▶ **GIVEN ENTRIES**
-=-=-

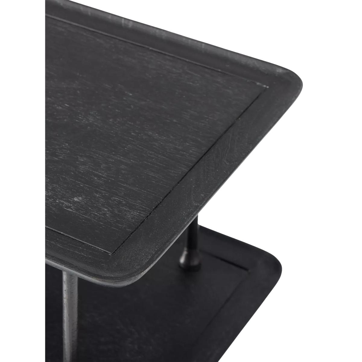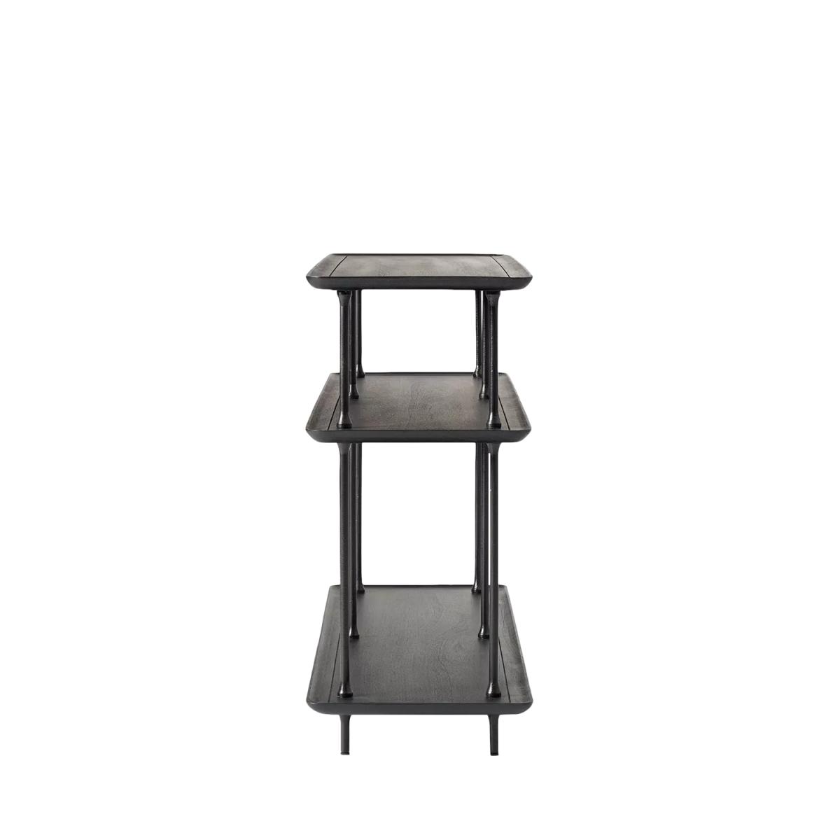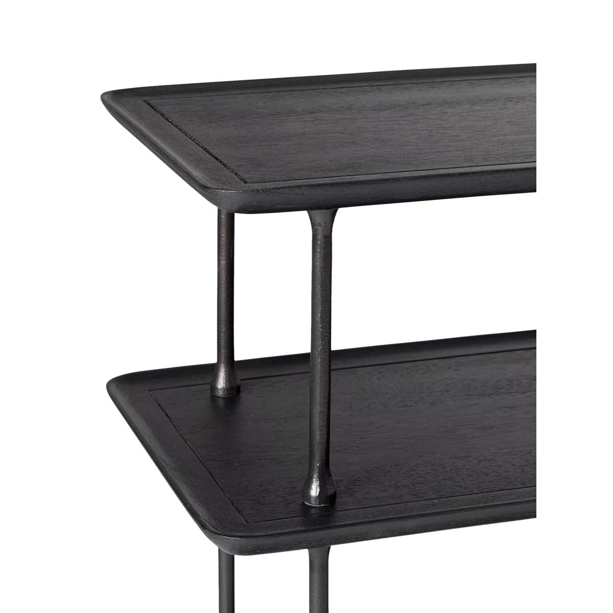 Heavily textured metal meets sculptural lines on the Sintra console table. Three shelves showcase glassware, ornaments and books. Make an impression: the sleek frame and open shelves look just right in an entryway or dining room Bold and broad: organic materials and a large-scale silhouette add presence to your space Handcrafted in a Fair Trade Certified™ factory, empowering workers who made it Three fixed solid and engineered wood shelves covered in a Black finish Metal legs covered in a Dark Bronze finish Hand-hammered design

-=-=-

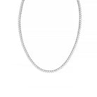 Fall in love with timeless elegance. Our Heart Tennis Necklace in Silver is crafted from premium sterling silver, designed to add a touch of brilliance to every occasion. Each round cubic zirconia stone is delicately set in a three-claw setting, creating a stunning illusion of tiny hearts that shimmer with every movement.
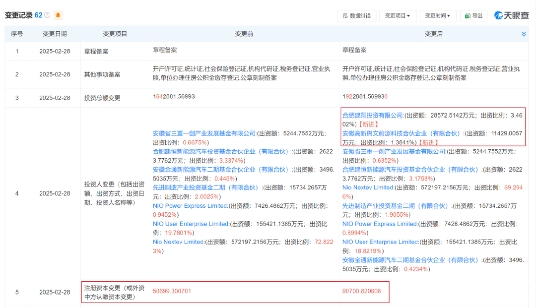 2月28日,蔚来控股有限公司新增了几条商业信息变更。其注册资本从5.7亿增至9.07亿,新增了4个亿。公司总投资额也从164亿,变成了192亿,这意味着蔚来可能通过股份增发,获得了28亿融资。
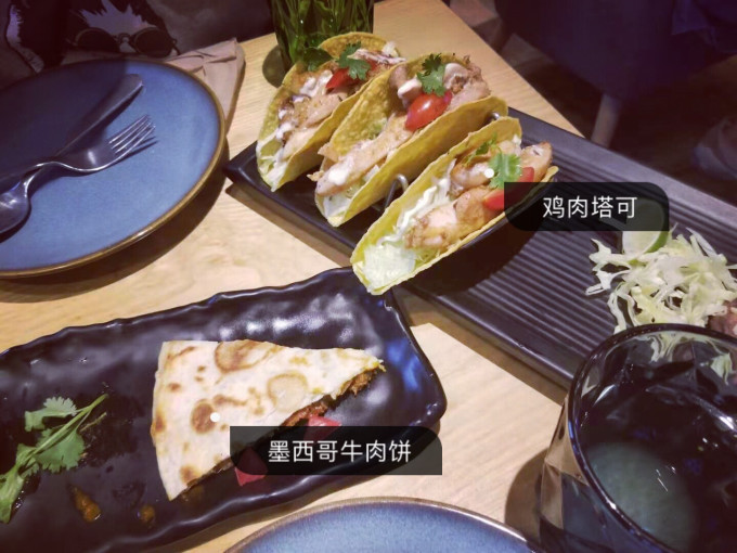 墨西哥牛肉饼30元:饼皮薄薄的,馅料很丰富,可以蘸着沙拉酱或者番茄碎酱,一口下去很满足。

-=-=-

▶ **WHAT TO DO**
Nothing but the lines above from the line with "Fall in love" up to and including the line with "墨西哥牛肉饼30元:饼皮薄薄" should be returned, exactly as written and without pictures.

▶ **TASK RESULT**
 Fall in love with timeless elegance. Our Heart Tennis Necklace in Silver is crafted from premium sterling silver, designed to add a touch of brilliance to every occasion. Each round cubic zirconia stone is delicately set in a three-claw setting, creating a stunning illusion of tiny hearts that shimmer with every movement.
 2月28日,蔚来控股有限公司新增了几条商业信息变更。其注册资本从5.7亿增至9.07亿,新增了4个亿。公司总投资额也从164亿,变成了192亿,这意味着蔚来可能通过股份增发,获得了28亿融资。
 墨西哥牛肉饼30元:饼皮薄薄的,馅料很丰富,可以蘸着沙拉酱或者番茄碎酱,一口下去很满足。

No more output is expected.